# How is the Maxwell-Boltzmann curve obtained?

Is it purely qualitative and determined by experiment?

Or is there some function which defines the familiar graph?

(Image source: Wikipedia)

• – Ivan Neretin Oct 4 '16 at 11:31
• There is a theoretical derivation and it is actually quite long. I wouldn't mind typing it up, but I'm not quite free today :( You can probably find it in any physical chemistry textbook. – orthocresol Oct 4 '16 at 11:33
• There is a lovely experiment showing that the maxwell-Boltzmann curve is correct. The experiment observing how a narrow, horizontal beam Cs atoms fall under gravity . The original paper is Esterman, Simpson & Stern, Phys. Rev. 19487, v71 p238 but is behind a paywall, the nobel lecture by stern is at nobelprize.org/nobel_prizes/physics/laureates/1943/… – porphyrin Oct 4 '16 at 12:54
• @porphyrin - the archive for Physical Review is most decidedly not behind a paywall. Go to journals.aps.org/pr/issues/71/4 to find the paper. – Jon Custer Oct 4 '16 at 22:02
• @porphyrin - Crud. I take that back - you need an institutional, personal, or US public or highs school library. I remember the archive going up originally intending to be wide open. Sigh - must have been too much mass-downloading abuse. Sadness. – Jon Custer Oct 4 '16 at 22:21

There are two common types of graph, one with kinetic energy as the $x$-axis, and one with speed. For the most part, they are qualitatively the same, although there is a slight difference in curvature near the origin.
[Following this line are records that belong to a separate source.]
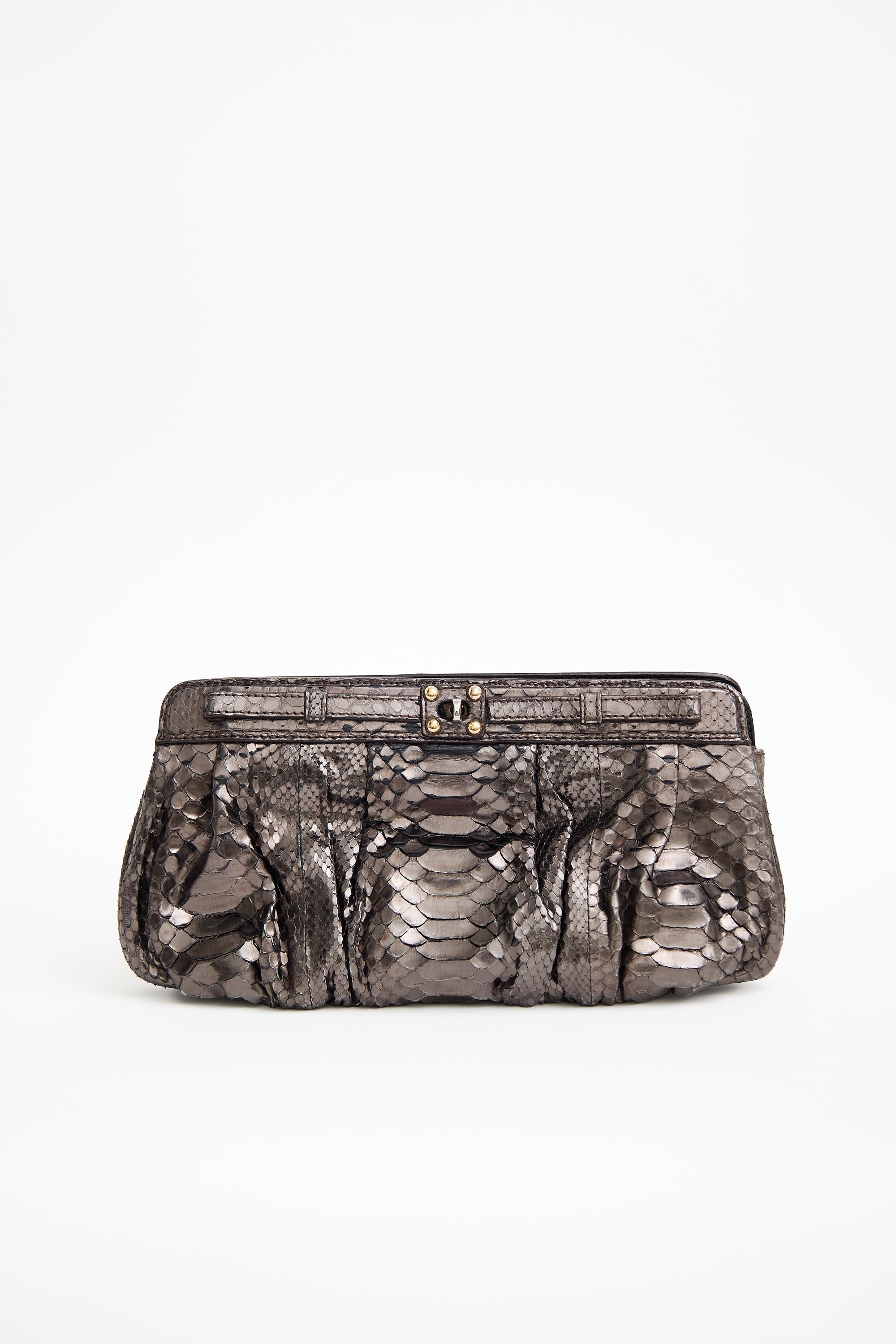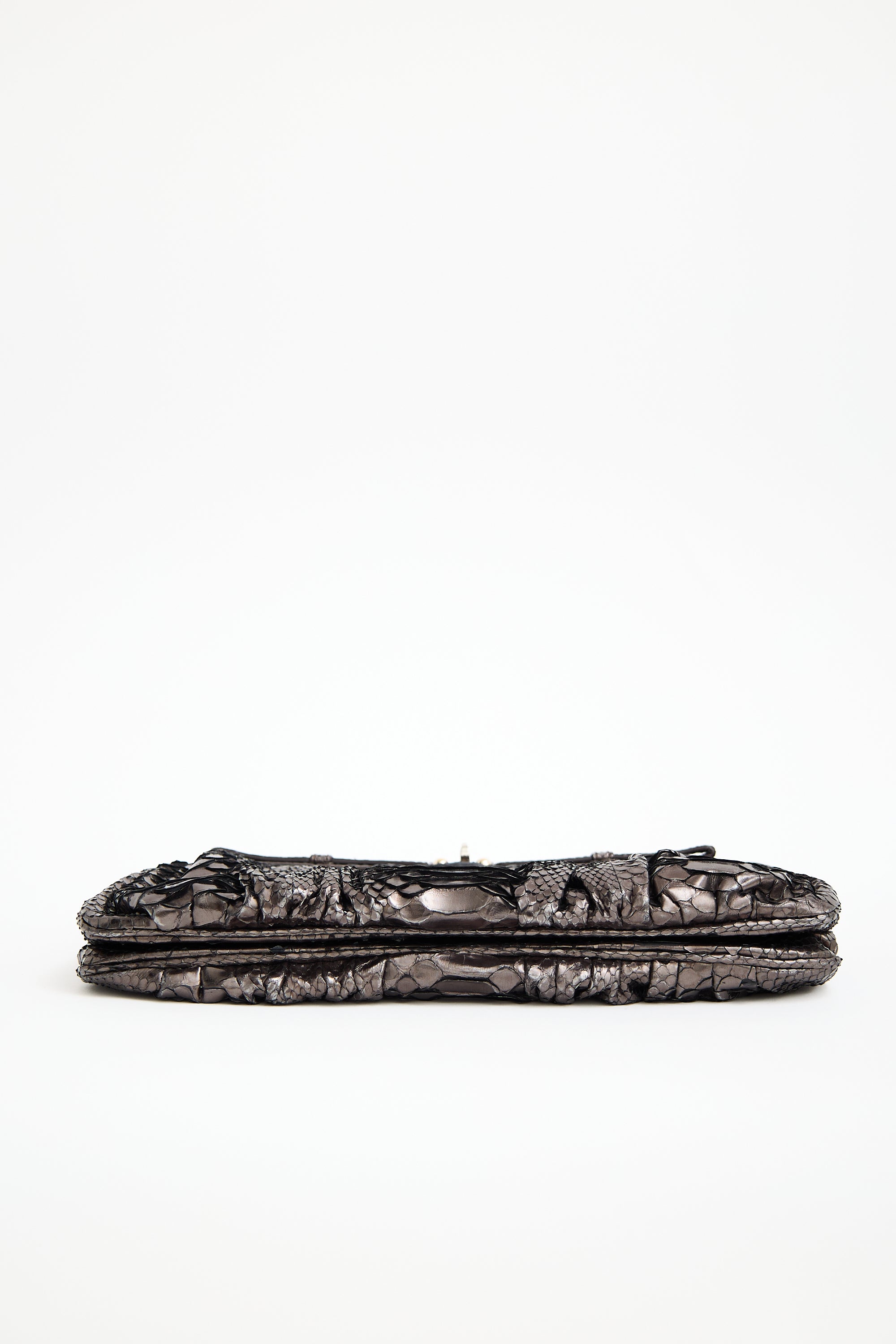 Pre-owned Zagliani grey metallic exotic leather clutch featuring twist lock closure and three main compartments. Includes original dust bag.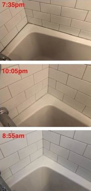 Promising review: "You guys. I’m embarrassed to even show you this. The grout around our tub was DISGUSTING. It was never caulked right and it got gross very quickly. I would scrub. The cleaning lady would scrub. It would get worse. Well, I came across this in a BuzzFeed list, and this stuff made me curious. I don’t know why it doesn’t have 10,000 good reviews. Seriously. All I did was squeeze it on and walk away. I let it sit overnight. Check this out. Buy it. Like today." —KarynB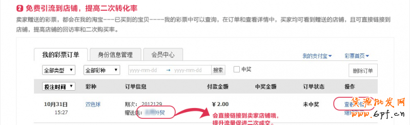 第六種,就是我們的彩票拉熟:彩票拉熟顧名思義就是給自己的朋友或者熟人送一注2元的彩票,吸引他們來到你剛剛開張的店鋪,為你的店鋪拉人氣,提升信譽(yù),促進(jìn)成交。這種彩票拉熟的方式是專門針對淘寶集市的中小賣家而設(shè)計(jì)。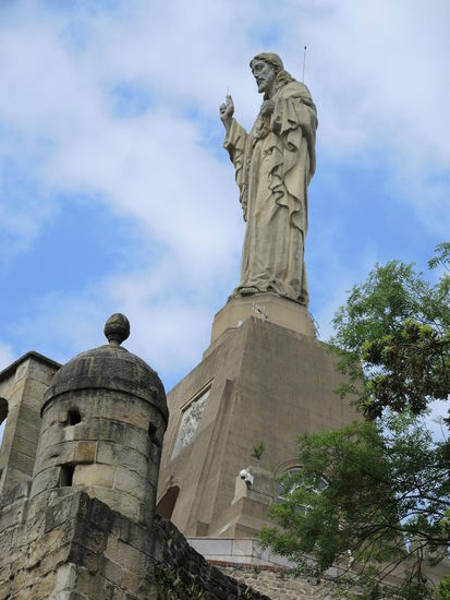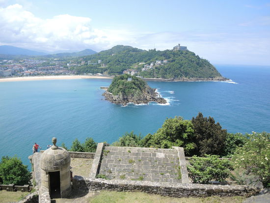 Bei unserem Streifzug entdecken wir den Aufstieg zum Monte Urgull mit seiner Festungsanlage und der Christusstatue. Zwar kommen wir jetzt sogar ein wenig ins Schwitzen, aber der Abstecher lohnt sich. Von hier oben aus hat man einen wundervollen Blick auf die Bucht, die Stadt und die dahinter liegenden Berge. Es hat tatsächlich ein bisschen was von Copacabana und Zuckerhut

The speed function is much more commonly used, because one can more easily extract useful information from it, such as mean velocities, or mean free paths. It is:
$$f(v) = (4\pi v^2) \cdot \left(\frac{m}{2\pi kT}\right)^{3/2} \cdot \exp{\left(-\frac{mv^2}{2kT}\right)}$$
where $m$ refers to the mass of the particle, $k$ Boltzmann's constant, and $T$ the temperature.